Located near the east side of campus on Presque Isle Avenue is Rice Paddy, a Marquette staple for many years. Placing an order here on a Friday night involves a bit of pre-planning, as orders stack up quickly and can take upward of an hour to process.

This is okay, considering the kitchen is really just a one- or two-person show, with chef and owner Aoy Lachapelle standing solo guard over the stove.

Upon entering the restaurant, Aoy happily greets you with a “hello boyfriend,” or “hello girlfriend,” as the sounds of boiling oil pop and sizzle in the background.

Here, the menu consists of filling and affordable dishes like deep fried fish with lemon sauce, pork satay, pad thai and curry fried rice.

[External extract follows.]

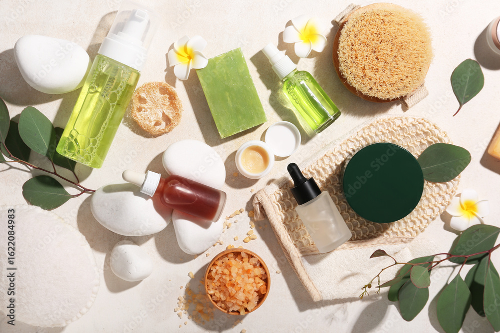 Obraz na płótnie Canvas - Composition with bottles of cosmetic products, spa stones and sea salt on beige grunge background, closeup.

Americanized Chinese-style dishes like orange chicken and chow mein are also available for the less adventurous. On my most recent visit, I enjoyed the curry fried rice, which is made up of chicken, water chestnuts, broccoli and a delicious curry sauce which is heavy on the coconut milk.

It’s a very rich dish, but a guilty pleasure for me, especially since saturated fat is back in vogue. This combined with Aoy’s to-die-for cream cheese wontons is enough to send me into a coma.

One drawback in particular is the fact that the Rice Paddy does not accept credit cards. Simple credit card readers are convenient to use and transaction costs are much lower these days.

I’m not sure if this is a conscious choice by the owner to keep things simplified, but I often choose another place if I’m not carrying enough cash.

Also, if you’re used to other Thai restaurants in larger metropolitan areas, you may find the flavors here a bit subdued, as though it is tailored for local tastes. This isn’t something that a little chili sauce can’t overcome, but I thought it was certainly worth noting.

This brings me to the next restaurant: Thai House, located on 3rd Street across from Valles supermarket. Here, the decor is much more polished and designed for both table service and carryout. As such, the prices are a bit higher than Rice Paddy, but the portions more than make up for the discrepancy, and wait times are quite fast for carryout orders, often between five and 15 minutes.

Up for grabs on the larger menu are starters such as spicy steamed mussels, barbecue style chicken, stir fries, noodle dishes and fragrant curries, as well as house specialties like their spicy basil duck, which comes served with fresh garlic, chilies, basil and other vegetables.

Unlike Rice Paddy, Thai House also offers full cocktail service and a selection of refreshing Thai beers. My personal favorite here is pad-see-ew, a stir fried noodle dish extremely popular at lunch wagons throughout Thailand.

Here, slender and flat rice noodles are combined with the meat of your choice, broccoli, scrambled egg, and a dark, sweet and salty version of soy sauce called see-ew-dum or kecap manis in Indonesia.

Secretly, I enjoy combining starch with starch and eating this dish over fresh steamed rice with lots of chili sauce. I don’t know if that’s sacriligious somehow, but that’s my preference. Due to generous portion sizes, I can make one order last for two solid meals.

Another favorite is the Thai House curry, a spicy red curry dressed up with peanut sauce, vegetables and the meat of your choice.

It’s a bit thinner than, say, an Indian curry or even the ones found at Rice Paddy, but it can generously feed two hungry people. Vibrant in flavor, I like to crank up the heat on this one and sweat it out with a bottle of Singha and a bowl of rice.

Overall, I give both restaurants a respectable four stars. Rice Paddy earns its keep with competitive pricing and delicious, if not subdued, dishes.

Aoy’s wonderful personality seems to keep regulars coming back and flooding the store with orders, though credit card machines could be a help.

Thai House stands tall with authentic and delightfully executed dishes, as well as an intimate seating environment, full bar and generous portions.

It may not have all the charm of Pattaya, but it certainly has all the flavors right.